FAQ: Job crashed
1. Are you producing too many files in one directory?
Parallel access to thousands of small files in one directory may cause a crash. Check our best practices for filesystem usage:
Best Practices, Hints and Optimizations for IO
2. Node Failure?
A node failure may interrupt your job. After seeing several error messages you may see something similar at the end:
slurmstepd: error: *** STEP 123456.0 ON i01r01c01s09 CANCELLED AT 2022-10-27T08:07:38 DUE TO NODE FAILURE, SEE SLURMCTLD LOG FOR DETAILS ***
If this is the case, please try to resubmit your job again, if this failure recurs please notify us via the incident system.
Billing in SuperMUC-NG: your lost Core-Hours with a Node-Failure will not be accounted.
3. Your Job crashed with a Segmentation Fault?
Dereferencing NULL, uninitialized or invalid pointers (maybe because your application is out of memory), buffer overflow, incorrect memory deallocation, stack overflow (no, not the website, but running out of memory in the stack due to deep recursion), out-of-bounds array access, corrupted memory, multithreading issues, floating point exceptions, incorrect usage of an API, running out of file descriptors (may manifest later in a segfault. See point 1 in this Section as well), etc...

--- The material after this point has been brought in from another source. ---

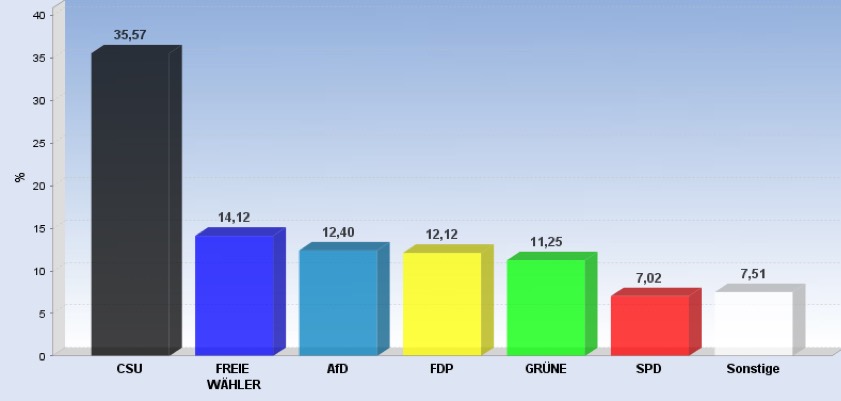 18.32 Uhr: Das Bayerische Fernsehen veröffentlicht die jüngste Hochrechnung: CSU 35,3 Prozent (minus 12,4 Prozentpunkte), SPD 9,9 Prozent (minus 10,7), Freie Wähler 11,6 Prozent (plus 2,6), Grüne 18,5 Prozent (plus 9,9), FDP 5,1 Prozent (plus 1,8), Linke 3,5 Prozent (plus 1,4), AfD 10,9 Prozent.

This list is very long and still not quite complete. Here are some tools and tips for debugging your parallel application:
4. The Problem might not be in your Application
The software stack with which your application works, may be very large, and there might be a bug that only appears rarely... Please try to rule out any problems with your application (by going through Point 3.). If this is the case, then: use your favourite search engine and search the error in forums and communities, maybe switching to another version of a library in your stack solves the problem. If you find no solution and we support the software, do open an incident, we might need a reproducible test case as small as possible, with script, input files and binary. We are aware that providing a software may not be possible due to proprietary information, licensing and similar issues. In those cases we may not be able to provide much help, but rather some guidance on what to do.
Some problems may arise at a systemwide level, which make applications crash. A typical failure is for example a filesystem problem, with stale file handles. Billing in SuperMUC-NG: your lost Core-Hours can be refunded, please open an incident in this case with the list of job ids that need refund.